Assignment:
Could you transcribe exactly the lines below, from the line with "당시에도 구영필은 변절자가 아니라 군정서를 만들고 간도로 이주해오는" through the line with "Één van de kamers", and nothing else, leaving out the pictures?

Extracted data:
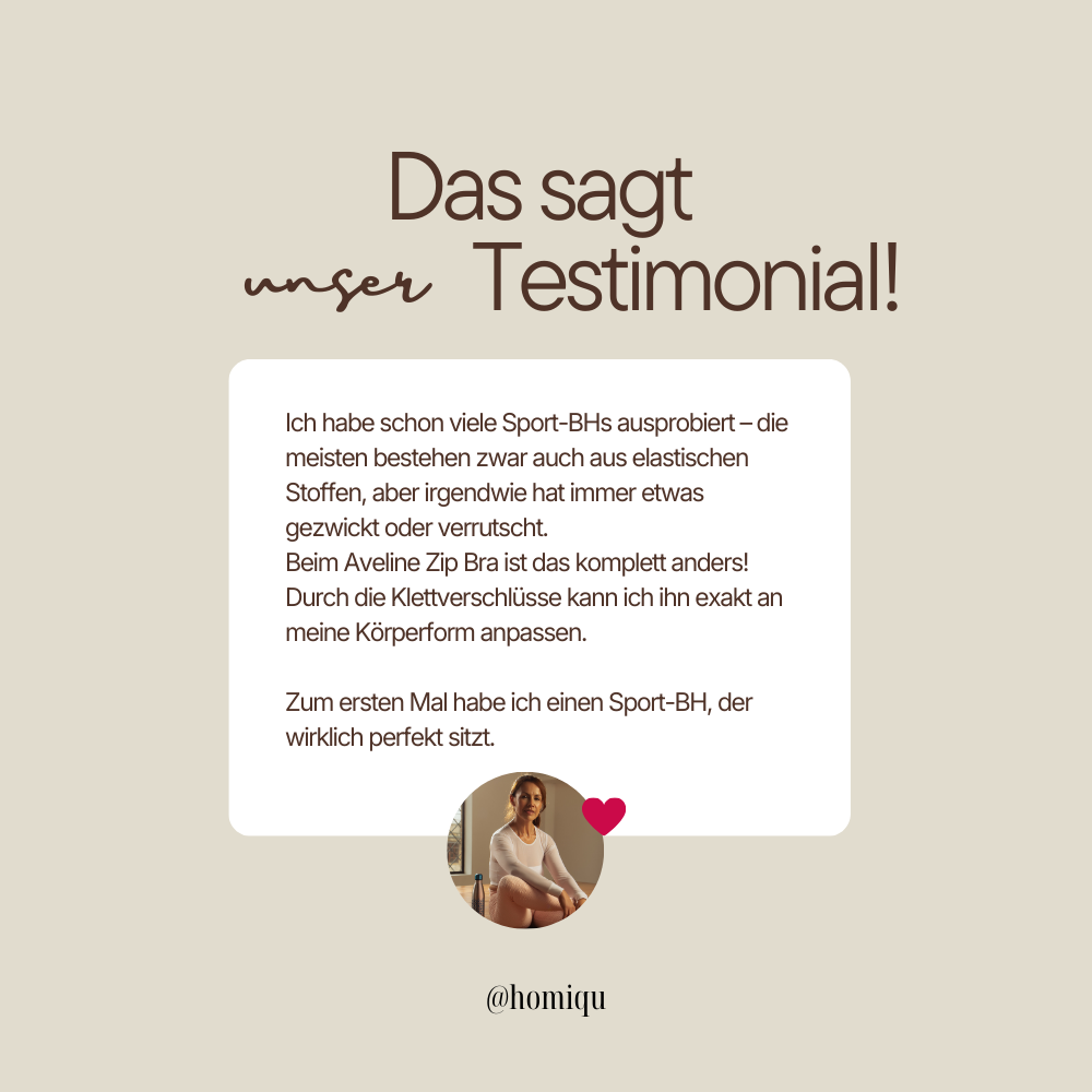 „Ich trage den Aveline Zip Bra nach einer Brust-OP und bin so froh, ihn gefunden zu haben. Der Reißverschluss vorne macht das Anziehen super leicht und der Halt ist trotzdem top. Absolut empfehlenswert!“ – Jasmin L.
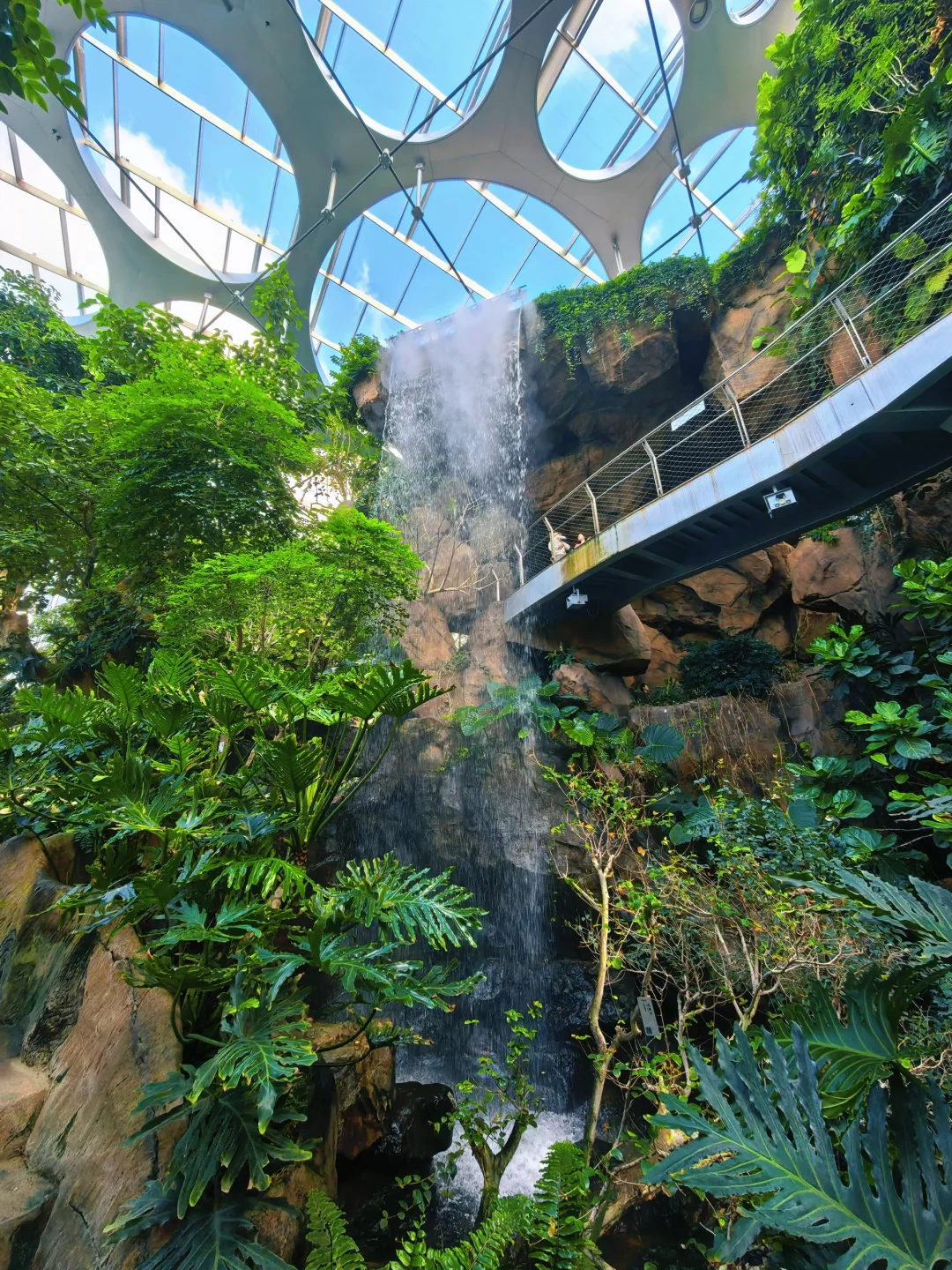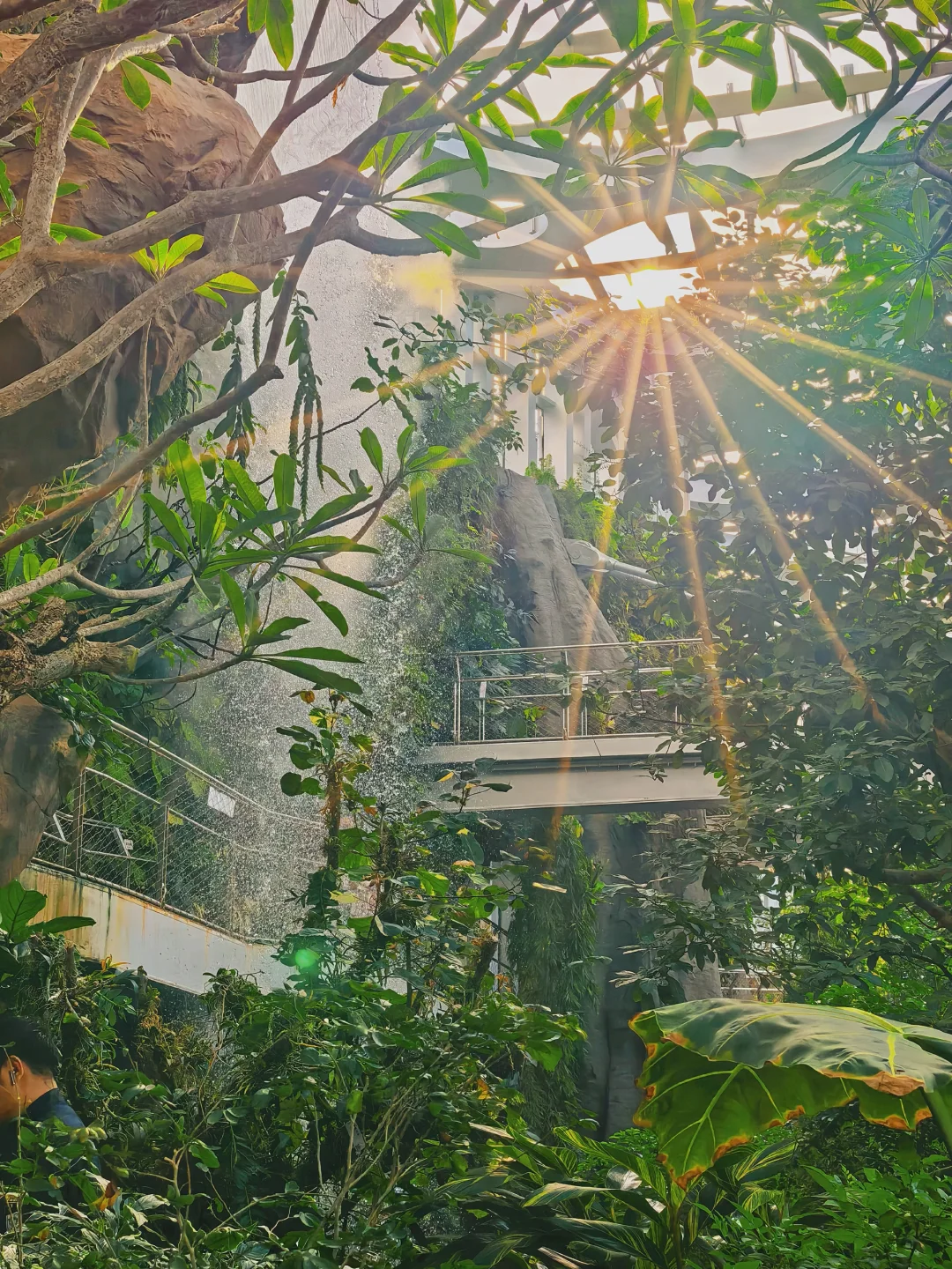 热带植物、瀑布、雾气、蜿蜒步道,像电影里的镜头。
* * *
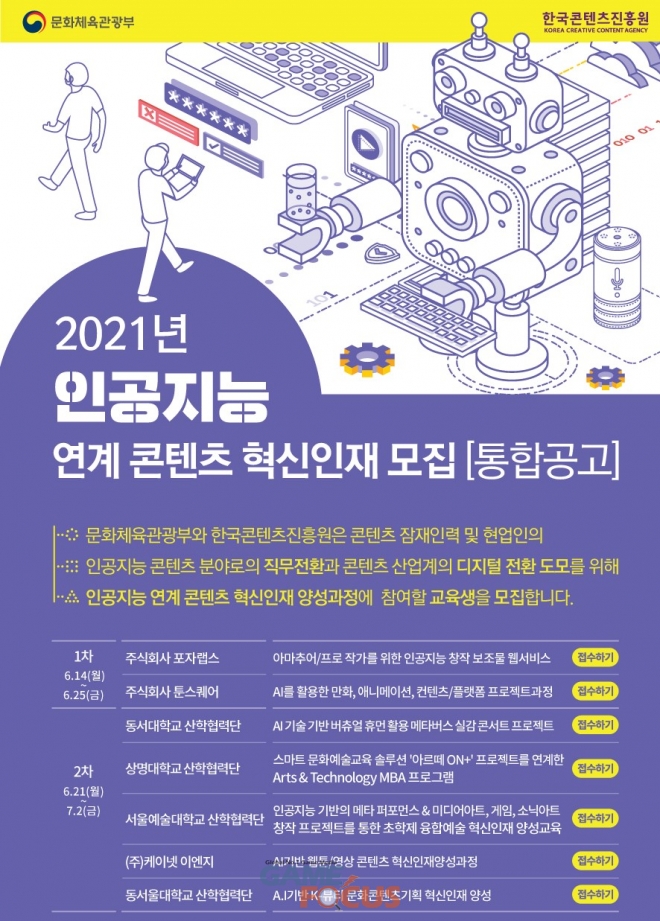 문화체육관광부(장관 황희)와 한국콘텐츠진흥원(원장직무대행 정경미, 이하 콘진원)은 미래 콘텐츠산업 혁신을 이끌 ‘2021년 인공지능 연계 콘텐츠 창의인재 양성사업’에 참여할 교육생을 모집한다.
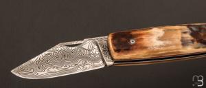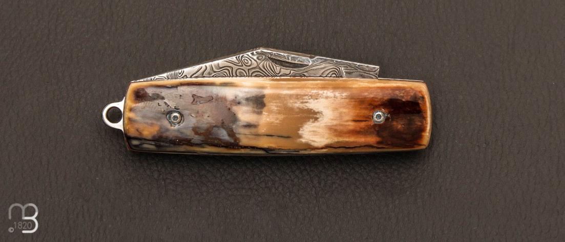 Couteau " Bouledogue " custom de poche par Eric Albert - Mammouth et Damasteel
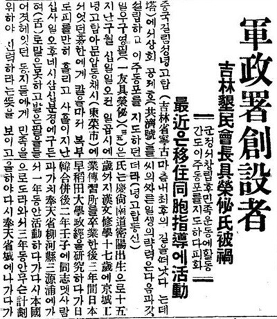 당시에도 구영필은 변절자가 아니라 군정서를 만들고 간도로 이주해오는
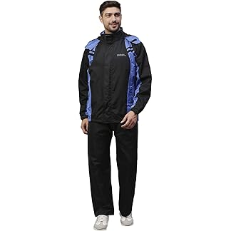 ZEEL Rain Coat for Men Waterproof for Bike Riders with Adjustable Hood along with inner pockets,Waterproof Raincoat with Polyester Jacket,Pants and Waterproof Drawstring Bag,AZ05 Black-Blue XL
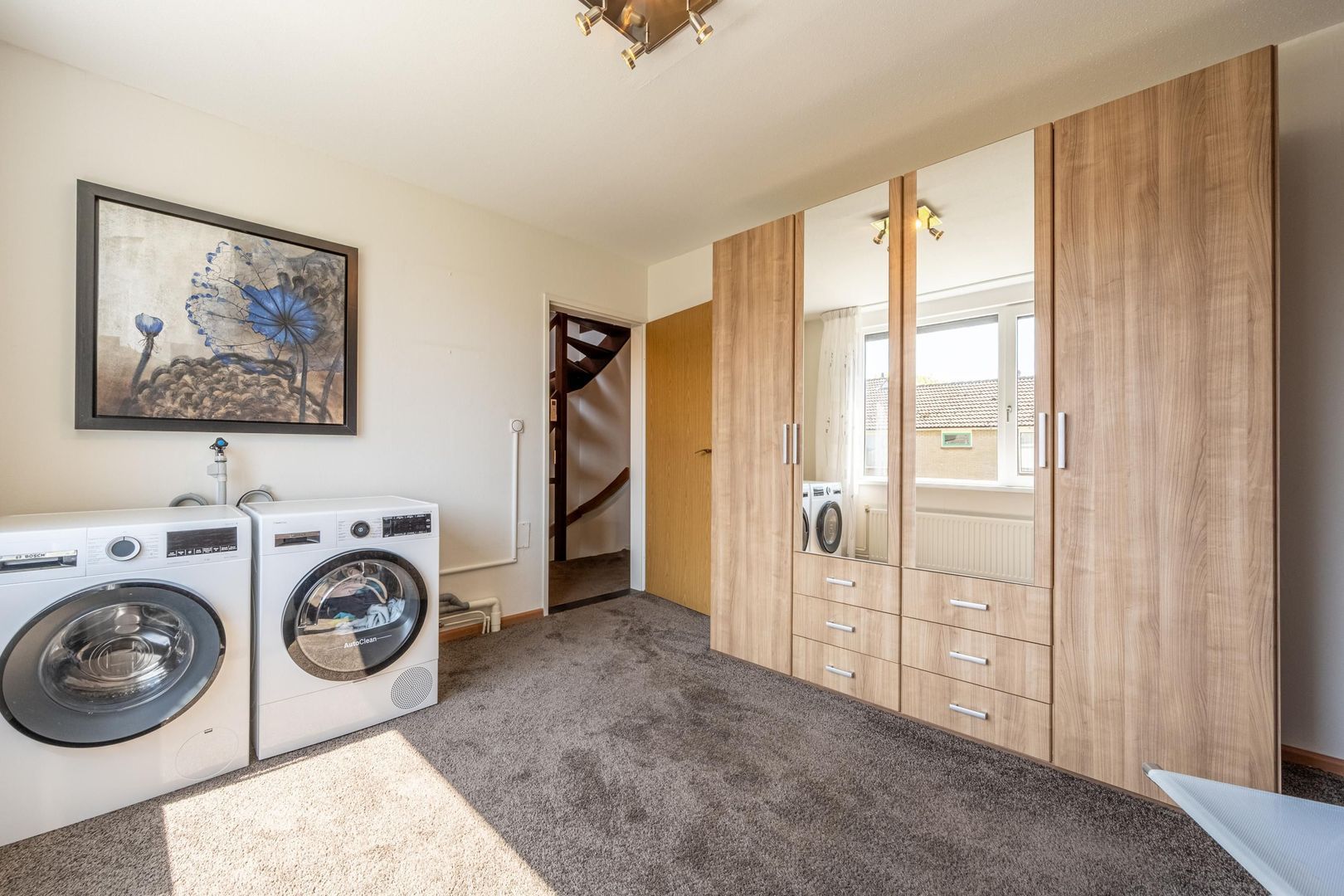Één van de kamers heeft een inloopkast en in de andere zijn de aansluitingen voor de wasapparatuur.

Answer below:
 당시에도 구영필은 변절자가 아니라 군정서를 만들고 간도로 이주해오는
 ZEEL Rain Coat for Men Waterproof for Bike Riders with Adjustable Hood along with inner pockets,Waterproof Raincoat with Polyester Jacket,Pants and Waterproof Drawstring Bag,AZ05 Black-Blue XL
Één van de kamers heeft een inloopkast en in de andere zijn de aansluitingen voor de wasapparatuur.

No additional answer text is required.